At best, these fears sublimate into democratic debate; at worst, they dredge up historical prejudices and dangerous tropes. The latter occurred in Indonesia in 2019 during the post-election violence, when viral disinformation spread claiming that China sent soldiers to infiltrate the country to put down the protests and bolster the Jokowi government. 4 The Indonesian police were forced to hold a press conference to debunk the claims, which had targeted several Indonesian police officers with supposedly Chinese features.
The same trope emerged in Myanmar in March, with false claims made in viral posts on Facebook that Chinese soldiers had been flown in to repress the protest movement. 5 The balance of evidence suggests that China did not support the coup in Myanmar—not least because the government of Aung San Suu Kyi was relatively pro-Beijing. But suspicions ran high online anyway, lending an anti-China edge to the protests. Later, Chinese factories in Yangon were burned by unknown assailants, hence the call by non-Chinese foreigners to fly their flags.
Fig. 2: Indonesian anti-Chinese propaganda: “Beware the dragon ordering its domesticated dogs to pounce on the Garuda” (Source: Telegram).
As China rises, we should expect anti-Chinese populism to grow, as old fears blend with new anxieties. Opinion polling by the Pew Research Centre indicates unfavourable views of China spiked globally even prior to the pandemic. 6 The 2001 ISEAS State of Southeast Asia survey of policymakers, academics, think tankers, and businesspeople shows that support for aligning with China versus the US has fallen, despite China’s intense pandemic diplomacy efforts. 7
While most countries of Southeast Asia wish to benefit from economic ties with China, domestic populations are at best sceptical of China’s role. China thus suffers a gap between its hard (military, economic) and soft (cultural) power in Southeast Asia. Leading indicators of this power gap can be detected in the protests that gather force online, where soft power is in the hands of digital natives, not political elites.

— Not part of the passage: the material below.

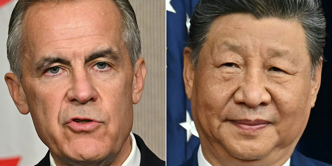 This combination of file pictures created on October 31, 2025 shows (L) Canada's Prime Minister Mark Carney speaking during a press conference on the sidelines of the 47th Association of Southeast Asian Nations (ASEAN) Summit in Kuala Lumpur on October 27, 2025, and (R) China's President Xi Jinping taking part in a meeting at Gimhae Air Base in Busan on October 30, 2025. Prime Minister Mark Carney on January 6, 2026 will begin a state visit to China, the first in eight years for a Canadian leader, with aims to talk trade and rebuild ties after years of diplomatic tensions.
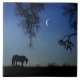 A beautiful art tile of a horse and crescent moon with stars and big oak limbs. Super pretty, almost surreal image.

To the extent that China’s power gap reflects an elite-popular divide, China is left vulnerable to populist politics in Southeast Asia. Insurgent politicians may seek to exploit anti-China sentiment to gain office—a trend that has emerged most clearly in Indonesia among the Islamist opposition.
Time will tell whether protests in Southeast Asia cohere into democratic movements or devolve into anti-Chinese populism. Outcomes will be determined, in part, by how old institutions respond to the challenge of networked protest in the internet age.